▶ What is needed:
Word for word, restate the lines of the data below between those holding "重新驶上11号高速,路遇一连串的大卡车上拉着加拿大陆军的各式装备车辆。" and "Glass Bracelet, with", inclusive; pictures do not belong in the copy.

▶ Available data:
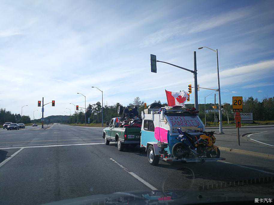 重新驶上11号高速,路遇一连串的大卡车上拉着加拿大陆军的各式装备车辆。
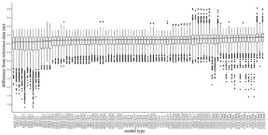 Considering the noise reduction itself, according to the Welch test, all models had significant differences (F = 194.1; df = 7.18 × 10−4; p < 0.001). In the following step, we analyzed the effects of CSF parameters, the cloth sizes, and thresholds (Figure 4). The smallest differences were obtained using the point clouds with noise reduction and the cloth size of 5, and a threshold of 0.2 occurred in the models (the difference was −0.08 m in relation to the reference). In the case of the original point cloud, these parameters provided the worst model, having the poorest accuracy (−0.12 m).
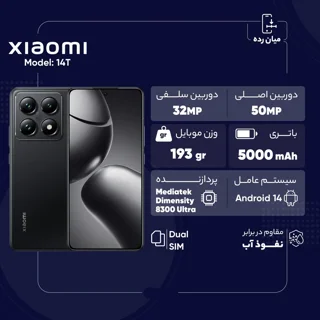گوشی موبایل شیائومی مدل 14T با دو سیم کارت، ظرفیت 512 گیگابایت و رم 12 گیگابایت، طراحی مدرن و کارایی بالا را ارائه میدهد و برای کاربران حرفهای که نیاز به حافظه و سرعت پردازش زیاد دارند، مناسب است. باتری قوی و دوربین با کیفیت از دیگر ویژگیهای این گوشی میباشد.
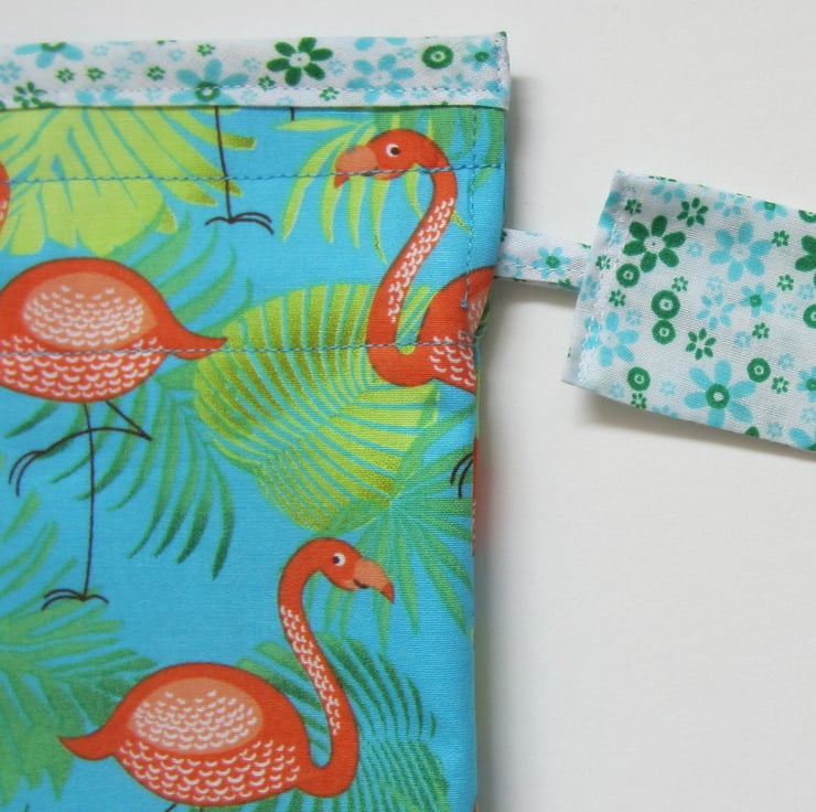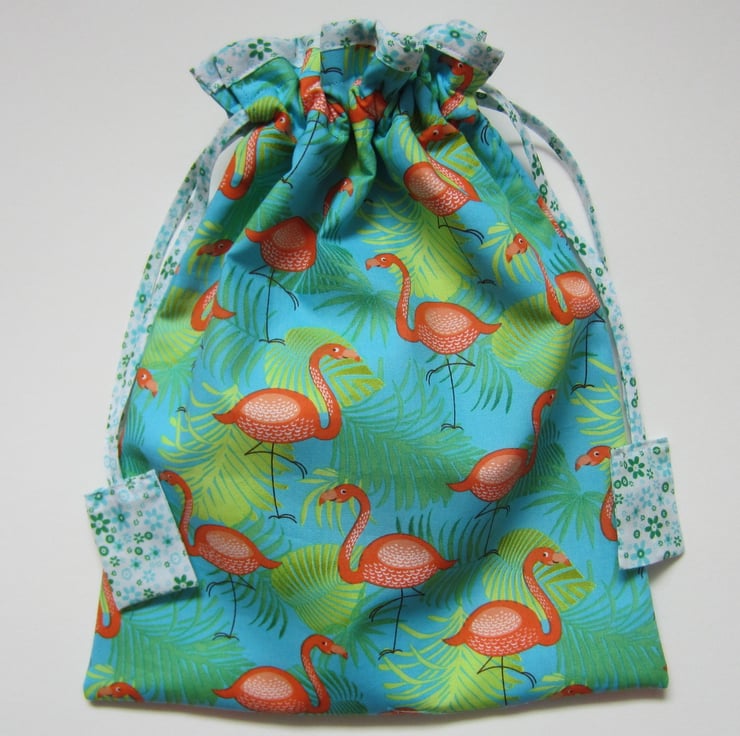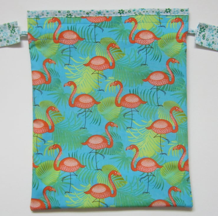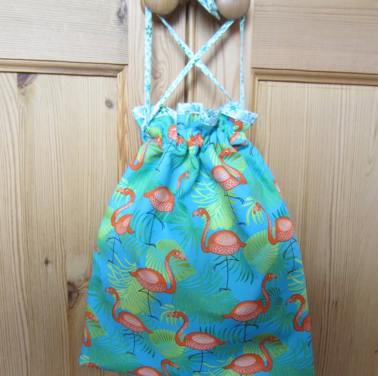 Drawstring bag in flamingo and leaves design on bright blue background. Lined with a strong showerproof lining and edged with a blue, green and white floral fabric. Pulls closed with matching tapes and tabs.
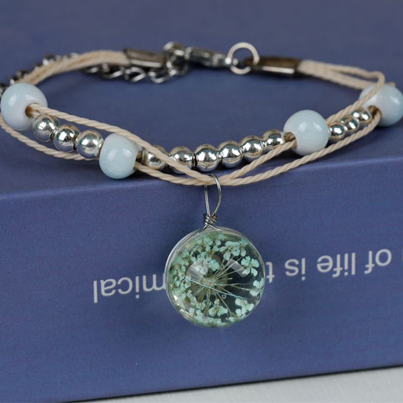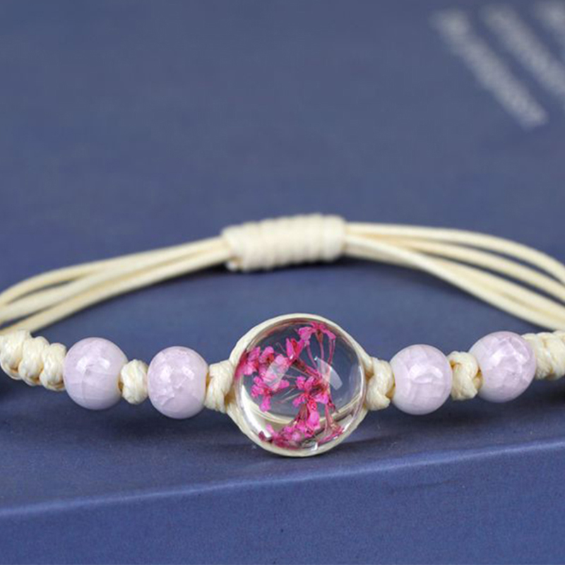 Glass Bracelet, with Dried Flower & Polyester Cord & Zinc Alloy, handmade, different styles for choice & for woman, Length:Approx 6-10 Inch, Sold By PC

---

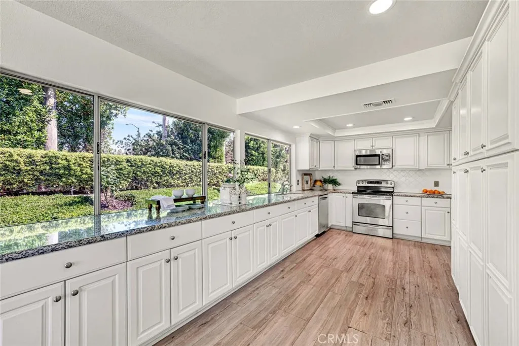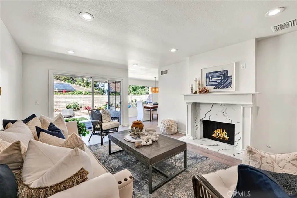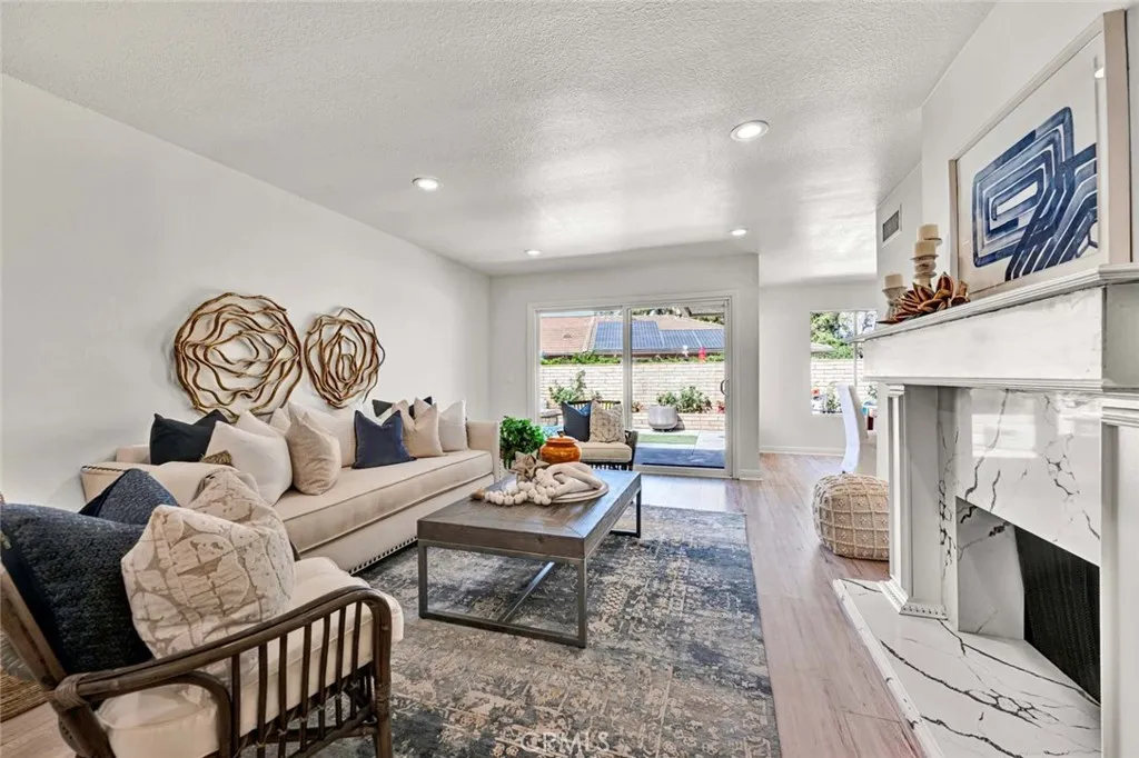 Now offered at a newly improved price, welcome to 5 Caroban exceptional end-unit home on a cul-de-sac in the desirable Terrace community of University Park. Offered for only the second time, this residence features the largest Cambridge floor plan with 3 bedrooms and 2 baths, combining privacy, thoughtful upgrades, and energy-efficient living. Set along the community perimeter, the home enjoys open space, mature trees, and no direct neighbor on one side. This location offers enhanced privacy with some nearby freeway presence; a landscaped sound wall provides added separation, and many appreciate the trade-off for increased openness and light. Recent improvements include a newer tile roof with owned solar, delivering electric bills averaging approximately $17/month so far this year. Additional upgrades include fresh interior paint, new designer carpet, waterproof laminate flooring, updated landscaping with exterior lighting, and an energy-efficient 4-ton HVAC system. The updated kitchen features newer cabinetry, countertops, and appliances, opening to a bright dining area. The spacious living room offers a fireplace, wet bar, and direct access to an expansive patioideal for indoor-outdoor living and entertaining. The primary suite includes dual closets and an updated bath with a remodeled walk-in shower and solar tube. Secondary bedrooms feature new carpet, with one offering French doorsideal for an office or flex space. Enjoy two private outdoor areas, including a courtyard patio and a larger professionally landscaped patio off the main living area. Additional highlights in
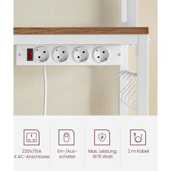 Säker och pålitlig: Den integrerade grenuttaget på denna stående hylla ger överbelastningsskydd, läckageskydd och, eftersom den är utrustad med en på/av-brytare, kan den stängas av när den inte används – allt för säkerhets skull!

▶ Answer space:
 重新驶上11号高速,路遇一连串的大卡车上拉着加拿大陆军的各式装备车辆。
 Considering the noise reduction itself, according to the Welch test, all models had significant differences (F = 194.1; df = 7.18 × 10−4; p < 0.001). In the following step, we analyzed the effects of CSF parameters, the cloth sizes, and thresholds (Figure 4). The smallest differences were obtained using the point clouds with noise reduction and the cloth size of 5, and a threshold of 0.2 occurred in the models (the difference was −0.08 m in relation to the reference). In the case of the original point cloud, these parameters provided the worst model, having the poorest accuracy (−0.12 m).
گوشی موبایل شیائومی مدل 14T با دو سیم کارت، ظرفیت 512 گیگابایت و رم 12 گیگابایت، طراحی مدرن و کارایی بالا را ارائه میدهد و برای کاربران حرفهای که نیاز به حافظه و سرعت پردازش زیاد دارند، مناسب است. باتری قوی و دوربین با کیفیت از دیگر ویژگیهای این گوشی میباشد.
 Drawstring bag in flamingo and leaves design on bright blue background. Lined with a strong showerproof lining and edged with a blue, green and white floral fabric. Pulls closed with matching tapes and tabs.
 Glass Bracelet, with Dried Flower & Polyester Cord & Zinc Alloy, handmade, different styles for choice & for woman, Length:Approx 6-10 Inch, Sold By PC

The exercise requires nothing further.